*INSTRUCTIONS TO FOLLOW*: Write out a word-for-word repetition of the lines that come before the line containing "リビング天井高さ4m南面に、大開口・側面に斜め出窓で180度景色を楽しむ。" in the listing below, along with that line itself, omitting pictures.

^^^^

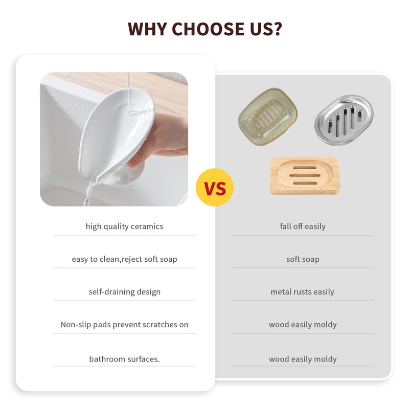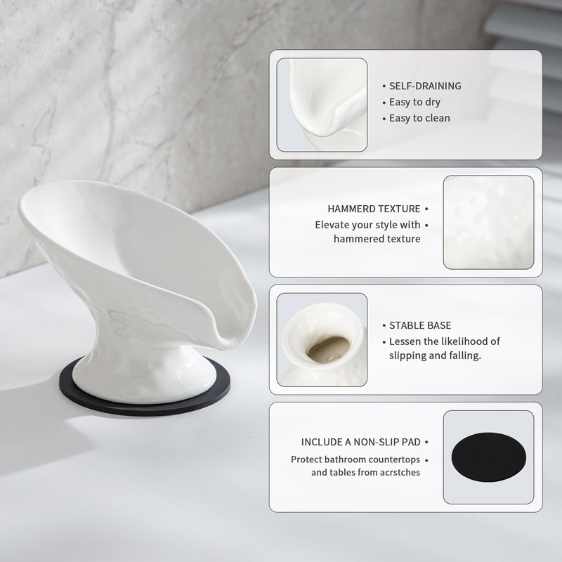 - Self-Draining Soap Dish:Our ceramic soap dish features an innovative self-draining system with a 45° oblique design for efficient water removal and quick drying. Save soap, reduce waste, and enjoy long-lasting freshness.
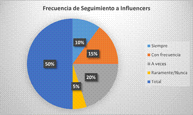 Frecuencia de Seguimiento de Influencers (Figura 1): Hubo una proporción sustancial de encuestados interesados en el contenido de influencers y el 30% seguía a estos influencers a menudo, mientras que el 20% siempre lo hace.
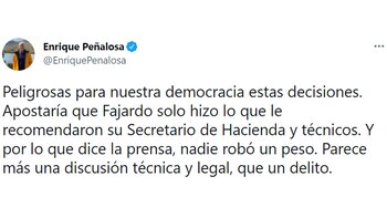 Estos comentarios se unen a los que otras personalidades trinaron hace semanas cuando se conoció la noticia. Por su parte, el exalcalde de Bogotá, Enrique Peñalosa indicó en su red social que esta determinación por parte de la Fiscalía es una peligrosa decisión para la democracia, con miras a las elecciones del 2022. “Apostaría que Fajardo solo hizo lo que le recomendaron su Secretario de Hacienda y técnicos. Y por lo que dice la prensa, nadie robó un peso. Parece más una discusión técnica y legal, que un delito”, manifestó el exmandatario capitalino.
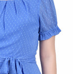 Granada Sky Short Sleeve Belted Swiss Dot Dress
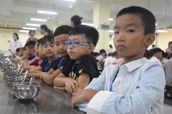 特别值得一提的是,当天中午第一次课间餐进行了自主排队用餐的尝试。在老师的指导下,孩子从餐前有序洗手、熟悉餐桌位置、自主排队领餐、规范用餐、有序排队处理厨余物品、轻声、有序、叠放餐具等一系列流程,秩序井然有序,孩子彬彬有礼。
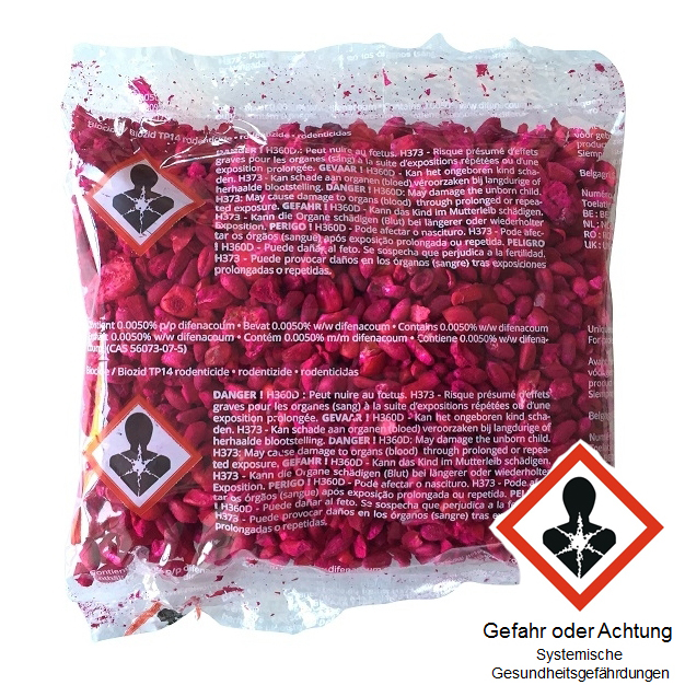 Es handelt sich um ein Rodentizid der 2. Generation. Die Anwendung ist nur durch berufsmäßige Verwender und sachkundige Verwender zulässig. Eine Anwendung durch Verbraucher oder sonstige nicht sachkundige Personen ist nicht gestattet. Mit dem Kauf bestätigen Sie Wiederverkäufer oder berufsmäßige Verwender mit entsprechender Sachkunde nach ChemVerbotsV bzw. nach PflSchG oder Mitarbeiter öffentliche Forschungs-, Untersuchungs- und Lehranstalten sind bzw. die Produkte nicht selbst anwenden sondern von einer der vorgannten Gruppe zugehörigen Personen anwenden lassen.
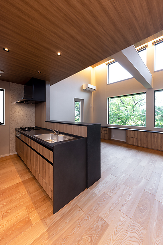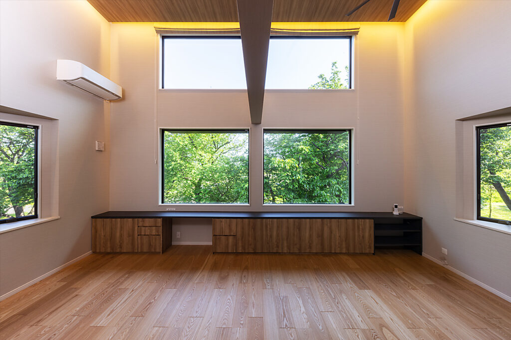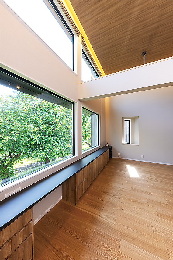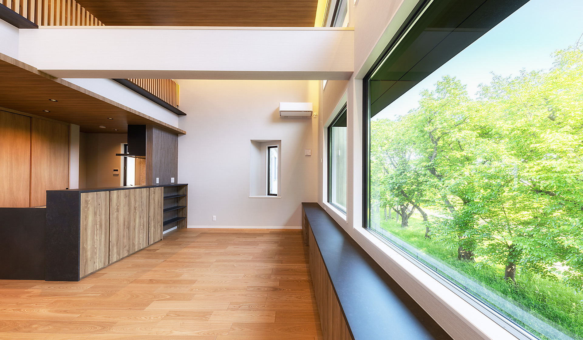 リビング天井高さ4m南面に、大開口・側面に斜め出窓で180度景色を楽しむ。
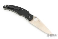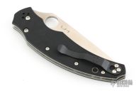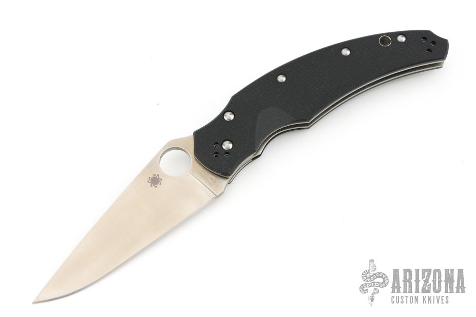 The 3.75" blade opens easily thanks to Spyderco's signature ambidextrous opening hole. Constructed of S30V steel it promises impressive edge retention, and the full flat grind ensures low friction cutting performance. Thanks to the integrated finger choil that extends usable handle length, another common Spyderco design element, and a swooping curve for the thumb, the user can choke up on the blade for fine control.
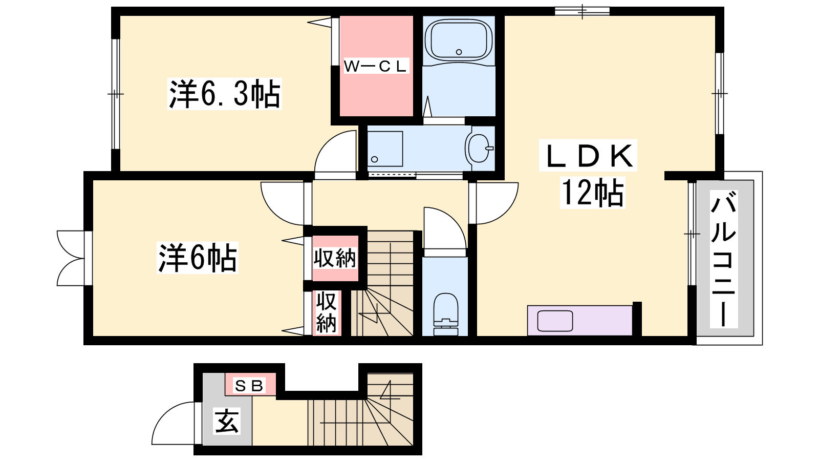 - LDK12帖、洋室6.3帖、洋室6帖
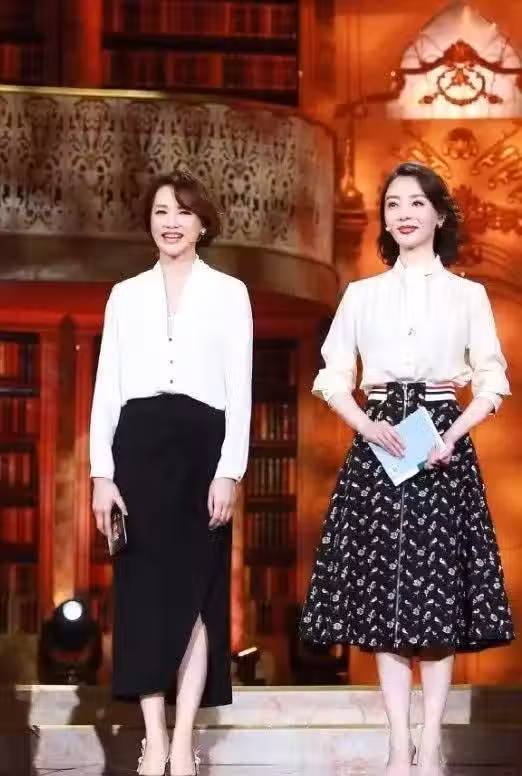 董卿的這件黑色半身裙,已經算是中高腰了,但是與陳數同框時,陳數的高腰半身裙實在太過「提氣」,顯得人又精神腿又長,董卿的中高腰半身裙就有點重心下移。
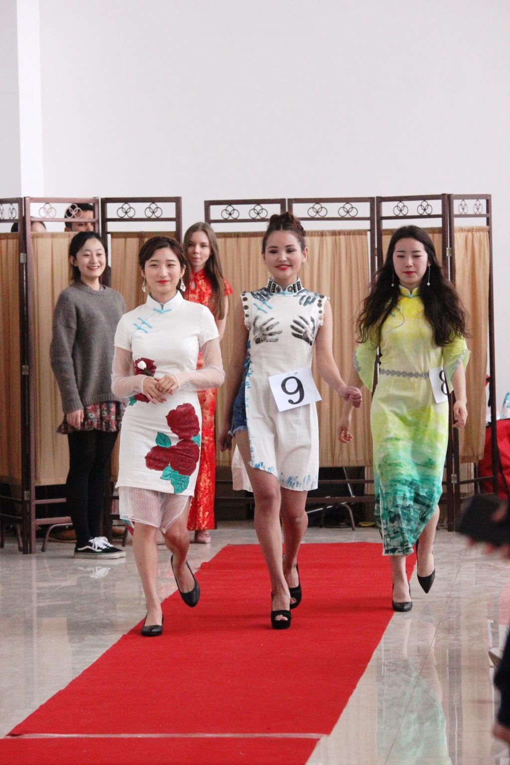 An hour later, it was time for the models. On a fifteen-meter long red carpet, there were models dressed in designed Cheongsam and others models on different style cheongsams. Students at present were amazed and cheered for their stunning dresses and professional catwalk.
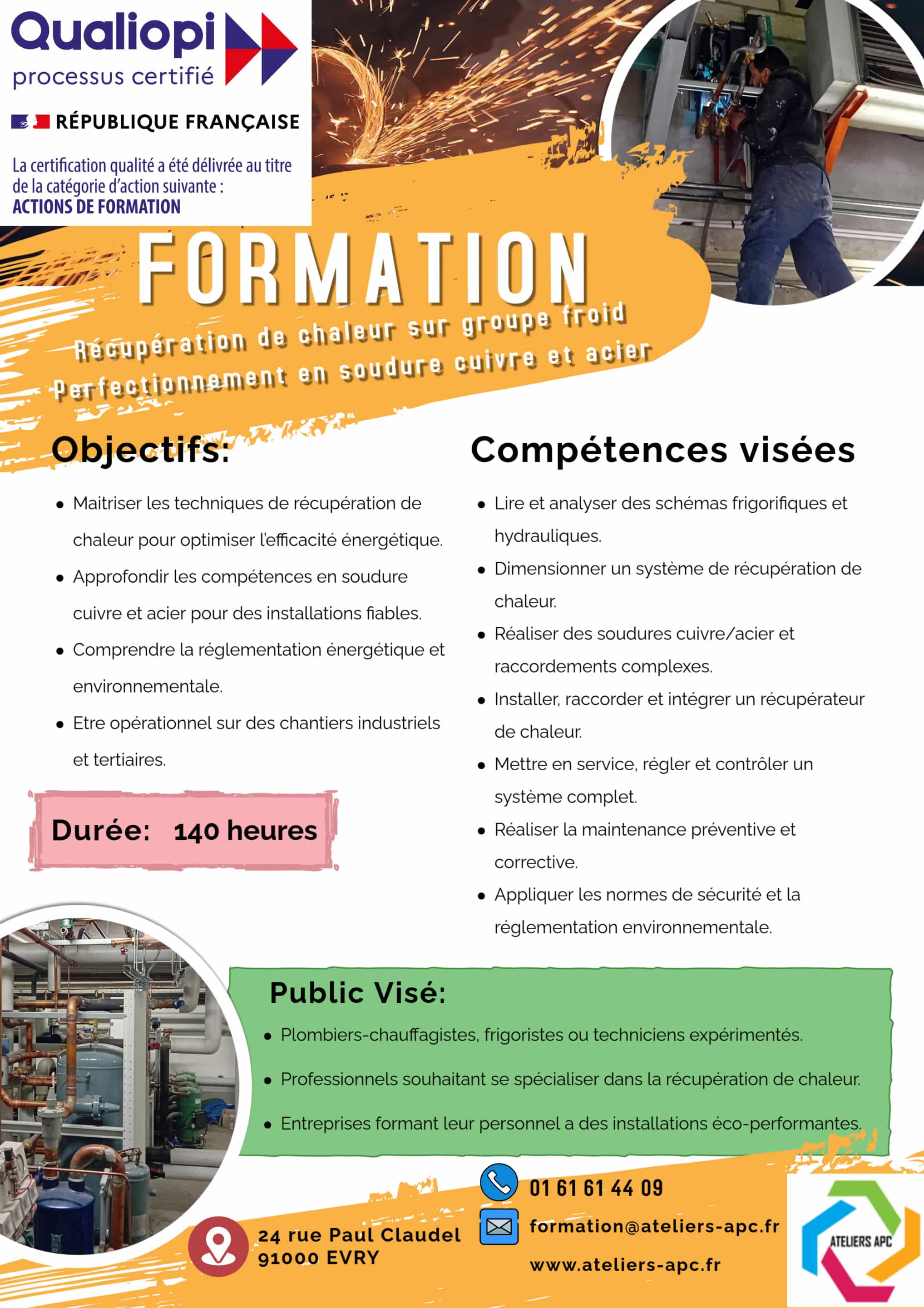 - Mise en situation pratique : réalisation complète d’un montage récupérateur avec brasage cuivre/acier et mise en service sous contrôle formateur.

^^^^

*EXERCISE ANSWER*:
 - Self-Draining Soap Dish:Our ceramic soap dish features an innovative self-draining system with a 45° oblique design for efficient water removal and quick drying. Save soap, reduce waste, and enjoy long-lasting freshness.
 Frecuencia de Seguimiento de Influencers (Figura 1): Hubo una proporción sustancial de encuestados interesados en el contenido de influencers y el 30% seguía a estos influencers a menudo, mientras que el 20% siempre lo hace.
 Estos comentarios se unen a los que otras personalidades trinaron hace semanas cuando se conoció la noticia. Por su parte, el exalcalde de Bogotá, Enrique Peñalosa indicó en su red social que esta determinación por parte de la Fiscalía es una peligrosa decisión para la democracia, con miras a las elecciones del 2022. “Apostaría que Fajardo solo hizo lo que le recomendaron su Secretario de Hacienda y técnicos. Y por lo que dice la prensa, nadie robó un peso. Parece más una discusión técnica y legal, que un delito”, manifestó el exmandatario capitalino.
 Granada Sky Short Sleeve Belted Swiss Dot Dress
 特别值得一提的是,当天中午第一次课间餐进行了自主排队用餐的尝试。在老师的指导下,孩子从餐前有序洗手、熟悉餐桌位置、自主排队领餐、规范用餐、有序排队处理厨余物品、轻声、有序、叠放餐具等一系列流程,秩序井然有序,孩子彬彬有礼。
 Es handelt sich um ein Rodentizid der 2. Generation. Die Anwendung ist nur durch berufsmäßige Verwender und sachkundige Verwender zulässig. Eine Anwendung durch Verbraucher oder sonstige nicht sachkundige Personen ist nicht gestattet. Mit dem Kauf bestätigen Sie Wiederverkäufer oder berufsmäßige Verwender mit entsprechender Sachkunde nach ChemVerbotsV bzw. nach PflSchG oder Mitarbeiter öffentliche Forschungs-, Untersuchungs- und Lehranstalten sind bzw. die Produkte nicht selbst anwenden sondern von einer der vorgannten Gruppe zugehörigen Personen anwenden lassen.
 リビング天井高さ4m南面に、大開口・側面に斜め出窓で180度景色を楽しむ。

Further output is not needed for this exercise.